Prepare the Spaghetti Squash
  1. Preheat the oven to 400°F (200°C).
  2. Drizzle the halved spaghetti squash with 1 tablespoon of olive oil, and sprinkle with salt and pepper.
  3. Place the squash cut-side down on a baking sheet and roast for 30-35 minutes, or until tender.
Cook the Chicken
  1. While the squash is roasting, season the chicken breasts with curry powder, garlic powder, ginger powder, salt, and pepper.
  2. In a skillet over medium heat, add 1 tablespoon of olive oil.
  3. Cook the chicken breasts for 6-7 minutes on each side, or until cooked through and no longer pink in the center.
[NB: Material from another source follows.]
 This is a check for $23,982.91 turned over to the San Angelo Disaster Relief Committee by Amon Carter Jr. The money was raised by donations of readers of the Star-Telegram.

Remove from heat and let rest.
Prepare the Sauce
  1. In the same skillet, add coconut milk and lime juice, stirring to combine.
  2. Bring to a simmer over medium heat, then add the chopped spinach and stir until wilted.
Assemble the Dish
  1. Once the spaghetti squash is done, scrape the flesh with a fork to create strands.
  2. Slice the cooked chicken and add it to the spaghetti squash strands.
  3. Pour the coconut curry sauce over the chicken and spaghetti squash, mixing gently to combine.
Serve
  1. Divide the curried spaghetti squash with chicken into bowls and serve warm.
  2. Garnish with additional lime juice or fresh herbs if desired.

Nutrition

Calories: 320kcalCarbohydrates: 25gProtein: 30gFat: 15gSaturated Fat: 8gSodium: 600mgFiber: 5gSugar: 6g

Notes

For a spicier kick, consider adding red pepper flakes or fresh chili to the coconut milk sauce.